The vast majority of Aswat members keep their lesbian identities secret in a society their Web site says "has no mercy for sexual diversity."
"It's known that the issue of lesbian women and homosexuality is not dealt with in public in our society and there is a total denial of it," says Aida Touma Suliman, general director of the Arab organization Women Against Violence in Nazareth. "The fact they organized themselves, are raising the issue, writing about it and raising awareness, that's the way they break the taboo."
A group in Lebanon is the only other similar organization for lesbians in the Arab world.
Salwa--who asked that her real name not be used to protect family members and is currently studying abroad--says Aswat has been a great system of support and is one of the reasons the 24-year-old plans to return to her homeland.
While Salwa's mother and brother know she is lesbian, her mother asked her to keep it secret from the rest of the family. Even after living abroad and being surrounded by an openly queer community, Salwa says that being able to live her life out of the closet is not her foremost concern.
"Palestine is my home. I lived here 21 years," says Salwa, who was raised in Nazareth in Northern Israel and is one of the founders of the group. "It's my everything, especially when I talk about a queer community and can go back and be with them . . . It's very important to have this group and to know you can go back and have a home."
Samira, 31, says Aswat has given her the opportunity to actualize herself, her agenda and to take concrete steps for social change in her community.
A few months ago, the Tel Aviv resident was invited to represent the group by passing out information about it at a teacher's college in the north of Israel.

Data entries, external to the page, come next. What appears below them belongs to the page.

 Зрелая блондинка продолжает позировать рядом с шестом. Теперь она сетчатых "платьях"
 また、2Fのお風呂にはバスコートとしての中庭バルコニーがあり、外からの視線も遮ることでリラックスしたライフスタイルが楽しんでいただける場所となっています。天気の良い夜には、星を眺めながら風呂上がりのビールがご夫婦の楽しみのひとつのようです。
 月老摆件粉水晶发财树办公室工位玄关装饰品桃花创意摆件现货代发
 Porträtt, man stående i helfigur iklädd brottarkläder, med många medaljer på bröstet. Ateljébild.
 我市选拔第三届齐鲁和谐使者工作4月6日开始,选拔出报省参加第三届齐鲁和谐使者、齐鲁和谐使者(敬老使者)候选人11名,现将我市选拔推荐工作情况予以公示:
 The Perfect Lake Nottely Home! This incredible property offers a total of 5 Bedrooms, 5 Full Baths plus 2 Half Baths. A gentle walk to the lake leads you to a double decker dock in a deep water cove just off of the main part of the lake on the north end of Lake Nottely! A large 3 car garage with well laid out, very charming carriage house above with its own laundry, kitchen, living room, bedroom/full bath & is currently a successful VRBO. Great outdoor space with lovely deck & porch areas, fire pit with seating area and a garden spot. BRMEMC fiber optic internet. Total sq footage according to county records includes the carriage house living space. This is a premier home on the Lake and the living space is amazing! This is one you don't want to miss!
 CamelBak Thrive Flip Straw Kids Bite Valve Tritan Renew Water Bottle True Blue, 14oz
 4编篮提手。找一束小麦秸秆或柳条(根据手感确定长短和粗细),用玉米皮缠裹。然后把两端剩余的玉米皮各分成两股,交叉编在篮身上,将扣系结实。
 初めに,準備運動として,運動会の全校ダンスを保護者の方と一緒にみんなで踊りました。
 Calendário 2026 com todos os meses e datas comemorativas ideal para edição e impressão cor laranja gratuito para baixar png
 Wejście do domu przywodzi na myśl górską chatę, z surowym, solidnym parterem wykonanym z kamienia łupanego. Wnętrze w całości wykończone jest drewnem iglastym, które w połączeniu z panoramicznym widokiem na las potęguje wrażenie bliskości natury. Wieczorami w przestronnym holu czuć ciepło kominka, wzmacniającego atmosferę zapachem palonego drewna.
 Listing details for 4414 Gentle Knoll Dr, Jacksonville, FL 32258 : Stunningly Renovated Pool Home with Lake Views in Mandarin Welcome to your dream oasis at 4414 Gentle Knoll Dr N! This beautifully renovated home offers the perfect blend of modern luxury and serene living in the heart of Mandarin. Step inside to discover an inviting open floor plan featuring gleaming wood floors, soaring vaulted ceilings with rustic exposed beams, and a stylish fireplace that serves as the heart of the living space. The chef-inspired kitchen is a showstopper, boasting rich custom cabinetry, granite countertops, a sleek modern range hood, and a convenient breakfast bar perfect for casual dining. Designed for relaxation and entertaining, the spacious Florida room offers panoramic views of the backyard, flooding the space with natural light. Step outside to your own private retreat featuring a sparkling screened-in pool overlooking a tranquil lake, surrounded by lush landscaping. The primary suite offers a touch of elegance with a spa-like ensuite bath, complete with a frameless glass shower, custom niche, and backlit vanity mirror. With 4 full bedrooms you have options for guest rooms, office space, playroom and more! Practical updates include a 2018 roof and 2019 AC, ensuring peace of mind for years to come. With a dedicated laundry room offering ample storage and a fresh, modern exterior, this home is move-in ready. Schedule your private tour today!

Although most of her large nuclear family knows she is lesbian, her extended family--also from the North--does not know. Although Samira was very nervous at first about doing the leafleting, she felt she was ready to put herself out there and risk a potential encounter with relatives.
"It was an important step for Aswat, and for me, for my own development," she said recently from a Tel Aviv coffee shop.
As she approached other Palestinian Arab women to hand out brochures and talk to them, some in the college encouraged her, a few started arguing with her on religious grounds, but no one threw away the information in plain sight or became violent, she said.
"This is what Aswat has given me, the opportunity to be a part of history," Samira said. "But the main thing is the opportunity to meet other women, to be there with them and for them."
Brenda Gazzar is a freelance journalist based in Jerusalem.